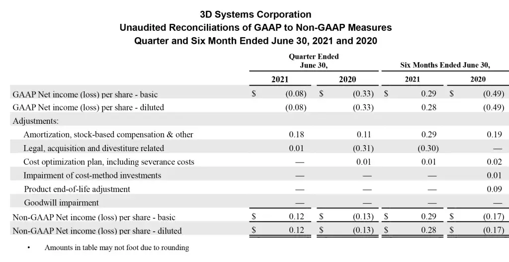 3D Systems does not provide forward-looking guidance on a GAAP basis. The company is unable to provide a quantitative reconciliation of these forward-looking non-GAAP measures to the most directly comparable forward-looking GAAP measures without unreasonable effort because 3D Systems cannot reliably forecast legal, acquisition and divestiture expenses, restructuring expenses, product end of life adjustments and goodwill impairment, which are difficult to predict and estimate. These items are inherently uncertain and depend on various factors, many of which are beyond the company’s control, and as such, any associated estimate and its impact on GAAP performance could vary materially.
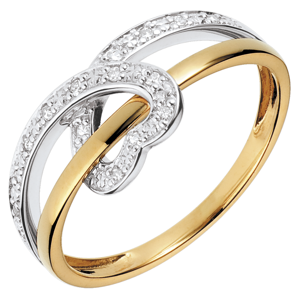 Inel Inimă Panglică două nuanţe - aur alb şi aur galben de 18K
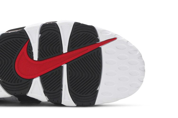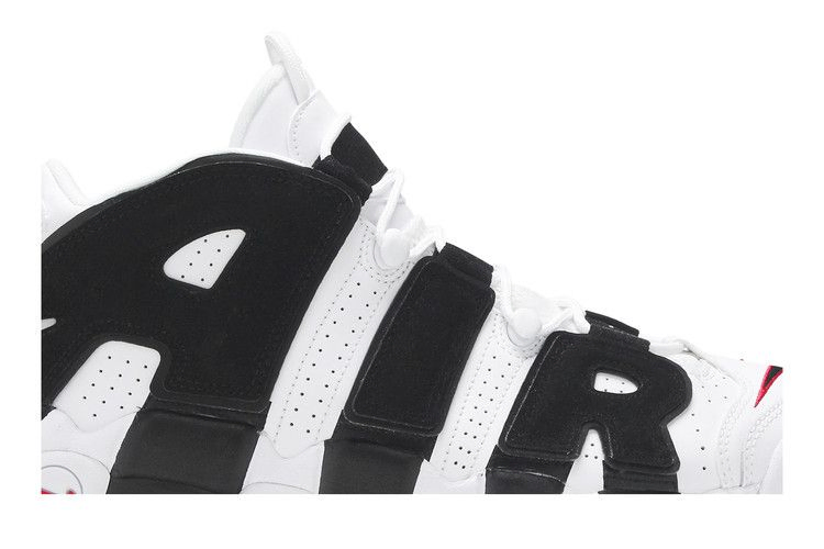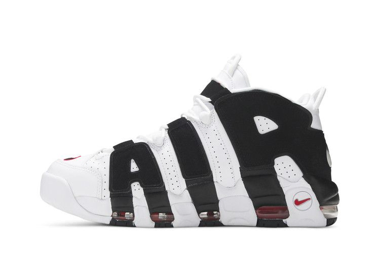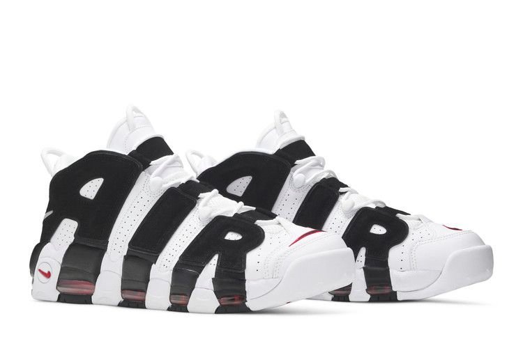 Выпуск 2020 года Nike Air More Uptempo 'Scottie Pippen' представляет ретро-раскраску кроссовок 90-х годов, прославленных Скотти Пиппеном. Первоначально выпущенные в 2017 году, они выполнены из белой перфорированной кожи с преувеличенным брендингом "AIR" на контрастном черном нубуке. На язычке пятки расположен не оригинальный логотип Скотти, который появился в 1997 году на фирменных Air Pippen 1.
· · ·
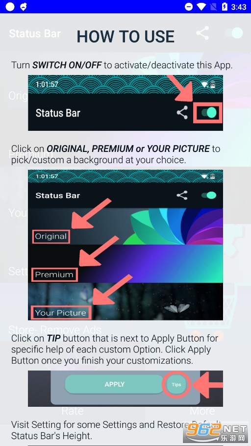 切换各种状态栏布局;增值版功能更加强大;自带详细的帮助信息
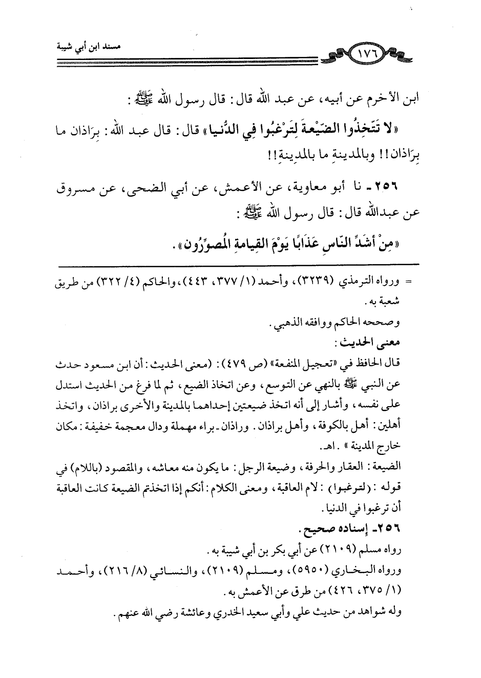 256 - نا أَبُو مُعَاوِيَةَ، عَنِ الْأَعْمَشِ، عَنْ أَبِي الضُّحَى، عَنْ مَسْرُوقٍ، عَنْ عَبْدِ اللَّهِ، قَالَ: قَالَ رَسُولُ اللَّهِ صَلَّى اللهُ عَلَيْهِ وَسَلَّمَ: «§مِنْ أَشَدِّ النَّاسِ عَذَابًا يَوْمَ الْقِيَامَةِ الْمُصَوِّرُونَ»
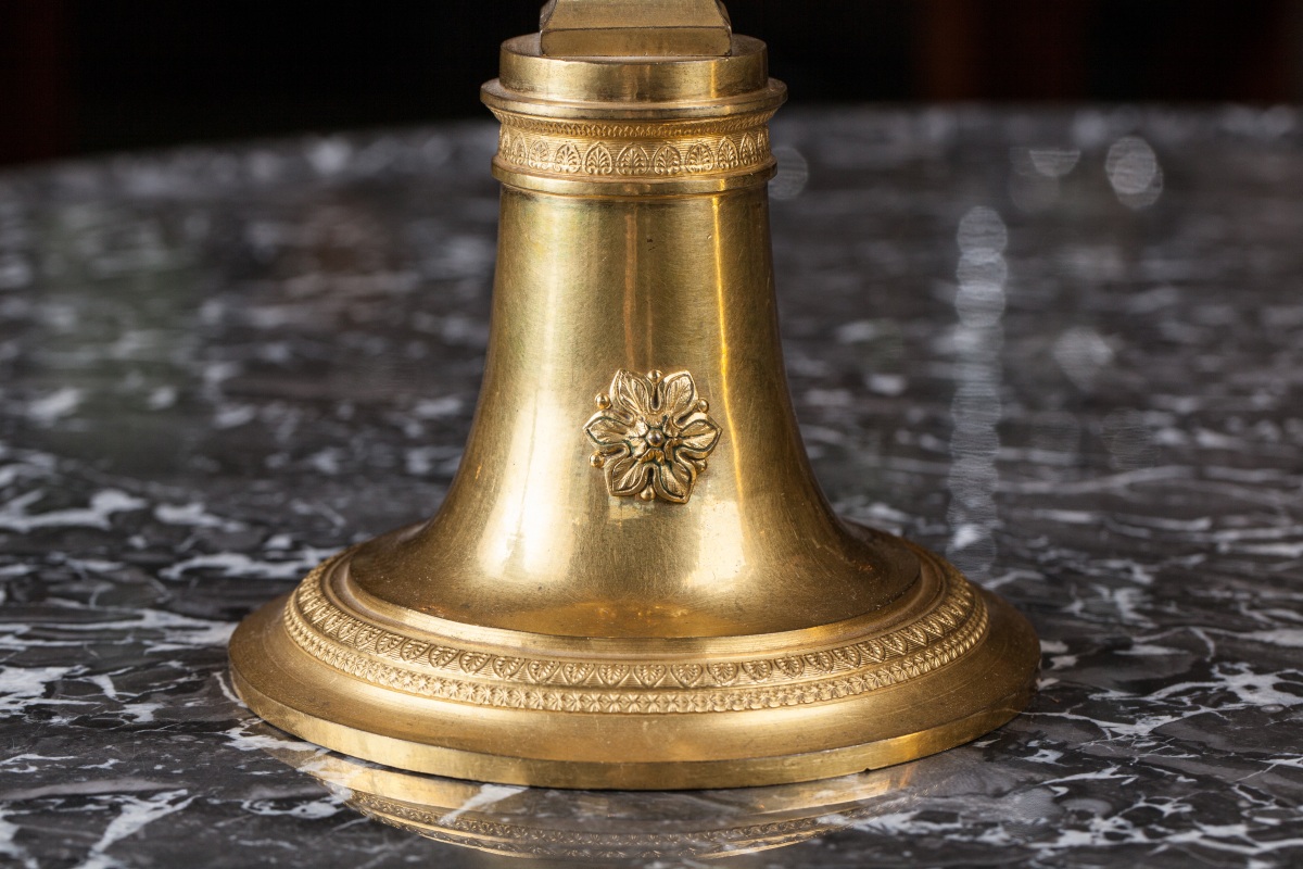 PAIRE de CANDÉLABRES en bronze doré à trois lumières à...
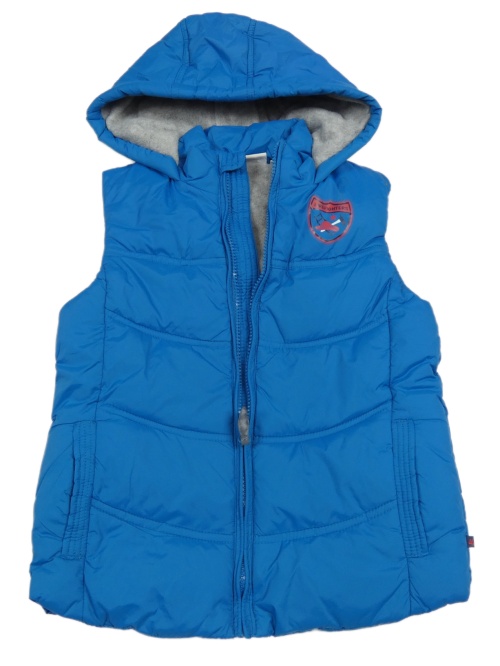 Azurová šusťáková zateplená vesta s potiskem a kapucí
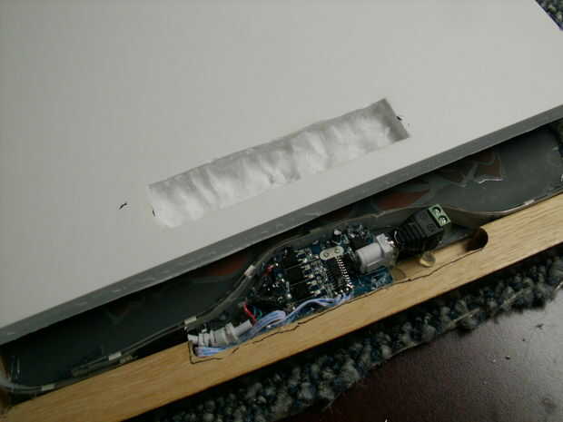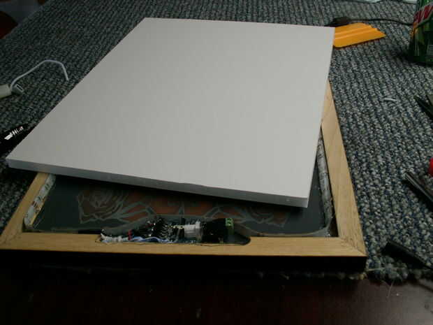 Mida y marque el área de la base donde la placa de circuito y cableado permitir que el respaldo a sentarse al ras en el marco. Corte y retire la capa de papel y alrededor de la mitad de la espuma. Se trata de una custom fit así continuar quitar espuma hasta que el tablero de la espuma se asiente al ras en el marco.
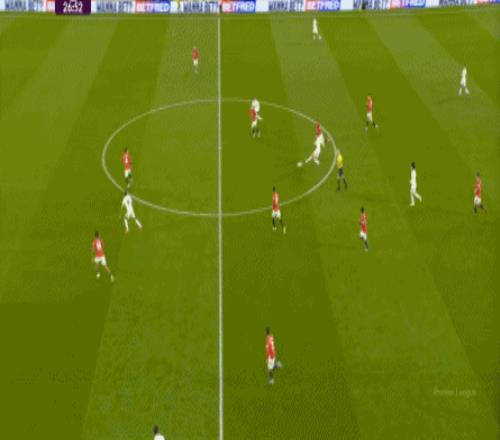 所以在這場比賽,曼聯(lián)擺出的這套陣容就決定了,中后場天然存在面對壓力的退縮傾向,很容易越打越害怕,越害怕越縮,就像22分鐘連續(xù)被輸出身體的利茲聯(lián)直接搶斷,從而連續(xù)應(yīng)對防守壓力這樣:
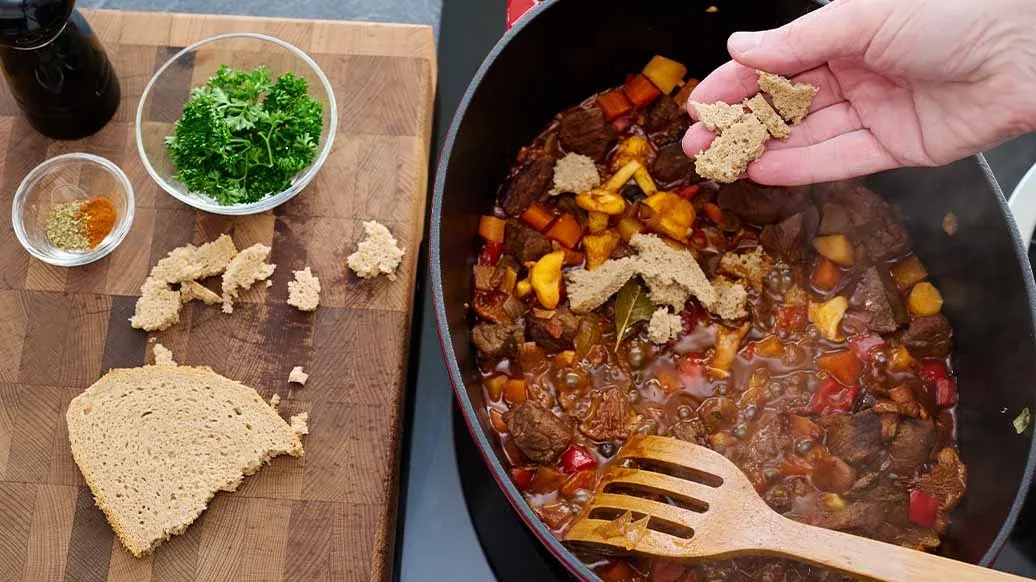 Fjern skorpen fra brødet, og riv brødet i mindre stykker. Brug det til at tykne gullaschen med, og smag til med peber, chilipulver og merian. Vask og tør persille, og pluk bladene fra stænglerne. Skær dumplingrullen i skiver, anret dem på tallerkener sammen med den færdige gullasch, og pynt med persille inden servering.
· · ·
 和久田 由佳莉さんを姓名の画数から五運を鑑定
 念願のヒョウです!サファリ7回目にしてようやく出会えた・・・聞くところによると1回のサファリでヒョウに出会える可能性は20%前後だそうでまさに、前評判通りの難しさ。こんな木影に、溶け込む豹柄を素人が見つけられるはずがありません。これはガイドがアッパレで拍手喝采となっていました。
· · ·
Copy exactly the lines of the listing above between the one holding "256 - نا أَبُو" and the one holding "Azurová šusťáková zateplená", inclusive; omit all pictures.

— The answer —
 256 - نا أَبُو مُعَاوِيَةَ، عَنِ الْأَعْمَشِ، عَنْ أَبِي الضُّحَى، عَنْ مَسْرُوقٍ، عَنْ عَبْدِ اللَّهِ، قَالَ: قَالَ رَسُولُ اللَّهِ صَلَّى اللهُ عَلَيْهِ وَسَلَّمَ: «§مِنْ أَشَدِّ النَّاسِ عَذَابًا يَوْمَ الْقِيَامَةِ الْمُصَوِّرُونَ»
 PAIRE de CANDÉLABRES en bronze doré à trois lumières à...
 Azurová šusťáková zateplená vesta s potiskem a kapucí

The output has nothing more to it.